Необходимо добавить, что за эволюцией живописи Вейсберга, исповедовавшего системный, рациональный подход к категориям метафизики, наш герой следил потом очень внимательно, если не сказать – ревниво. Уже после смерти Владимира Григорьевича в 1985 году Ларин пробовал проанализировать, что именно в произведениях несостоявшегося учителя его притягивает – и что мешает считать их гениальными творениями.
Меня привлекали изысканность и архитектоничность многих его холстов. Но в какой-то момент мне стало трудно смотреть их в большом количестве, и я спросил как-то у Лели (Елены Борисовны Муриной. – Д. С.): «А Владимир Григорьевич знал момент, когда нужно кончить работу?» «Он с самого начала работы знал всю последовательность и момент завершения», – не сомневаясь, ответила Мурина. «Я так и знал», – сказал я. Для себя я всегда считал, что работа развивается непредсказуемо, в этом для меня и таинство живописи. И в этом смысле мы с Вейсбергом антиподы.
Раз уж зашла речь о незадавшемся наставничестве, приведем еще один эпизод – почти того же времени. Эпизод совершенно иной по драматургии, но тоже занятный – еще и потому, что неосознанным конкурентом Вейсберга выступил представитель совсем другого крыла в послесталинском искусстве – Илья Сергеевич Глазунов. В 1960‐х он уверенно мостил себе дорогу к славе и примеривался к роли мэтра, пытаясь формировать круг учеников. Вот что рассказывает Надежда Фадеева, сводная сестра Юрия Ларина.
Это был 1964 год. Помню точно, так как в этом году я заканчивала школу. Мать Юриной жены, Ольга Михайловна, была завотделом прозы в журнале «Октябрь». И вот к ней, почему-то домой, пришел Илья Глазунов с каким-то своим текстом. А там был Юра, который рисовал. У них была небольшая двухкомнатная квартирка, Юре работать было особенно негде. И Глазунов предложил ему работать у него в мастерской, ну и, как он сказал, пусть у него поучится.

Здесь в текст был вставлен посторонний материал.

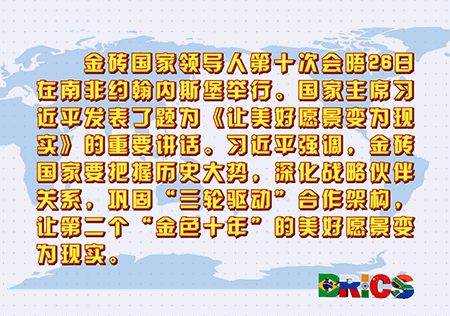金磚國家領(lǐng)導(dǎo)人第十次會晤26日在南非約翰內(nèi)斯堡舉行。國家主席習(xí)近平發(fā)表了題為《讓美好愿景變?yōu)楝F(xiàn)實(shí)》的重要講話。習(xí)近平強(qiáng)調(diào),金磚國家要把握歷史大勢,深化戰(zhàn)略伙伴關(guān)系,鞏固“三輪驅(qū)動(dòng)”合作架構(gòu),讓第二個(gè)“金色十年”的美好愿景變?yōu)楝F(xiàn)實(shí)。?
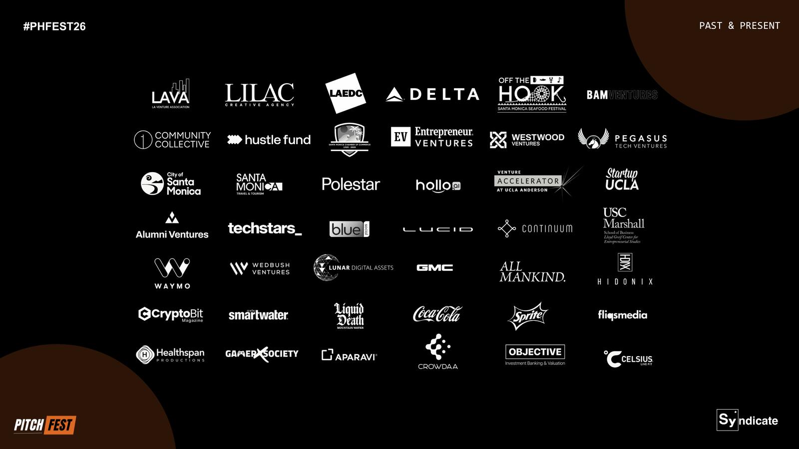 With 200K+ newsletter subscribers, 60K+ Luma subscribers, and 1,500+ attendees at our flagship events, PitchFest has become the go-to platform for West Coast startup-investor connections. Our track record includes partnerships with Delta Airlines, Lucid Motors, the City of Santa Monica, and Pegasus Tech Ventures, and we serve as the official Los Angeles Regional host for Startup World Cup — where the winner advances to compete for a $1,000,000 investment prize.

Помню, в первый раз пришли мы к нему почему-то втроем: Юра, мама и я. Думаю, что он захотел на маму посмотреть. Там была и его жена Нина, тоже художница, и еще какой-то тип, которого Глазунов называл «Кот Базилио». Глазунов тогда только прилетел из Италии, где рисовал Джину Лоллобриджиду. Тогда он много рассказывал об Италии и еще о том, как построил эту шикарную мастерскую, показывал свои работы. Представлял себя чуть ли не диссидентом. У него на мольберте стояла огромная работа «Дороги войны», и он сказал, что написал ее для властей. Мне тогда было 17 лет, в живописи я особенно не разбиралась и, конечно же, мне все было интересно, тем более Глазунов сказал, что он хочет написать мой портрет – и почему-то стал называть меня Нефертити. Мне все нравилось, а у Юры был кислый вид. Правда, он с интересом рассматривал работы Нины, видно было, что они ему больше понравились. А я изо всех сил хвалила иллюстрации к Достоевскому, дабы как-то преодолеть возникающую неловкость. Помню, когда мы вышли, и мама спросила его, понравились ли ему работы Глазунова, он ответил: «Мне у него учиться нечему, а вот его жена неплохой художник». А мама сказала: «По-моему, они оттуда…»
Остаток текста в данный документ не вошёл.